Big Data and Filter Bubbles

Personalized searches have a lot of benefits – obviously, search engines who have figured out better algorithms attract more users (for example, Google versus Bing or Yahoo!) because they allow the searcher to find what is most relevant to them, what they are most likely searching for, more easily and efficiently. Social networking sites like Facebook use similar data to draw up a user’s feed, thereby keeping the user on that app or website for a longer amount of time because they just happen to be interested in the posts they are seeing. However, there are some negatives. “Filter bubbles” arise because of increased capability of personalized searches, where a user is fed mostly information that is relevant to them (based on click history, search history, location, etc.) and become separated from information that opposes their viewpoints or information that doesn’t directly concern them (developing countries, for example). Personalized searchers therefore benefit many internet-goers (usually people living in more developed countries who have access to the Internet and smartphones) by making their Internet experience more of what they want to see.

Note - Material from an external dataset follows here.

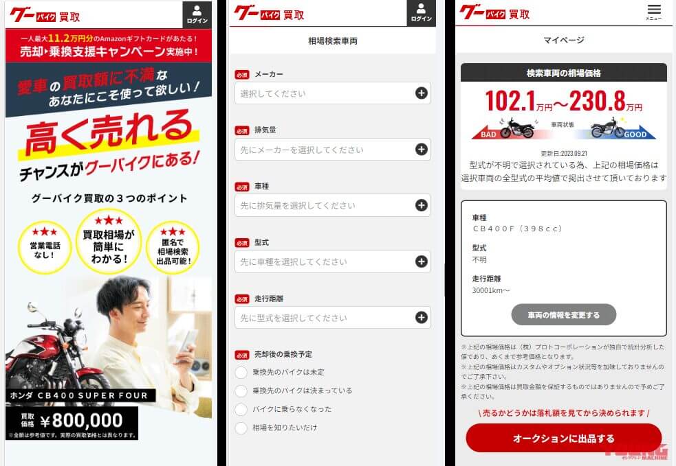 「グーバイク買取」は、ユーザーが出品した車両を「グーバイク」に掲載している全国約2500社のバイク販売店がオークション形式で入札し、最高値を入札したバイク販売店の落札額をユーザーが確認、売却するオークション形式のサービスだ。
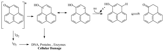 These results indicate the important antifungal properties of synthetic substances 1 and 2. Although perinaphthenone (1) is an efficient singlet oxygen sensitizer [7], very limited information is available about its mode of action. Formation of singlet oxygen and damage to biomolecules (DNA, proteins, fatty acids etc) could be an explanation (Figure 4).

Choosing to eliminate personalized searches would undoubtedly make our lives more difficult because we are so used to it, but if we continue to go down this path, there are incredible dangers. Eli Pariser, an internet activist who coined the term “filter bubble,” talks about the dangers and harmful effects, which affect both the population of computer and phone users, but also those in more developing countries. Filter bubbles describes social media algorithms that are able to create personalized “feeds” or suggestion lists based on what the user is predicted to enjoy [1].  Over time, filter bubbles exacerbates the issue of splinternet or “cyberbalkanization,” dividing the Internet into sub-groups of people who agree with each other and live/interact online in an echo chamber of their own beliefs and viewpoints, never receiving different or opposing ideas, and never even realizing it.

Personalized searches definitely involve the use of “big data,” a concept Professor Barreto talked about in Lecture 1 to describe datasets so large or complex that traditional data processing applications are inadequate. For example, personalized searches analyze millions upon millions of people, their locations, their search history, click history, frequently visited websites…and then compile it, sift through billions of web pages to find the most “relevant” one. This made me think about the “the cost of free” – after all, Google searches are free, but that also means they are likely collecting and storing our search data to give to third party companies to use for advertising and marketing or data collection. Personalized data also uses algorithms to mathematically calculate and return the best search results. It also involves the carry-over effect, which describes when a user performs a search and then follows it up with another search – the second search is then influenced by the first one assuming that they are connected. Overall, personalized searches are used by everyone from Google Search to Facebook’s personalized feed to Yahoo! to Bing, all in order to help users find websites most relevant to the

As a result of personalized searches, more of the information we read online has become polarized. Because we now have access to more and more information, we have the power to select exactly what relevant information we want to view. This can have quite severe repercussions. For instance, the menace of news media polarization has reared its head specifically during the 2016 election – a Pew Research Center study conducted after the election of President Trump found that 64 percent of adults “believe fake news stories cause a great deal of confusion” [2]. Fundamentally, social media makes it particularly effortless to share incorrect information, which, in this case, led to a critical absence of political fact-checking. 


[1] Will Rinehart, “The Election of 2016 and the Filter Bubble Thesis in 2017” on Medium.

[2]  Janna Anderson and Lee Rainie, “The Future of Truth and Misinformation Online”, on Pew Research Center.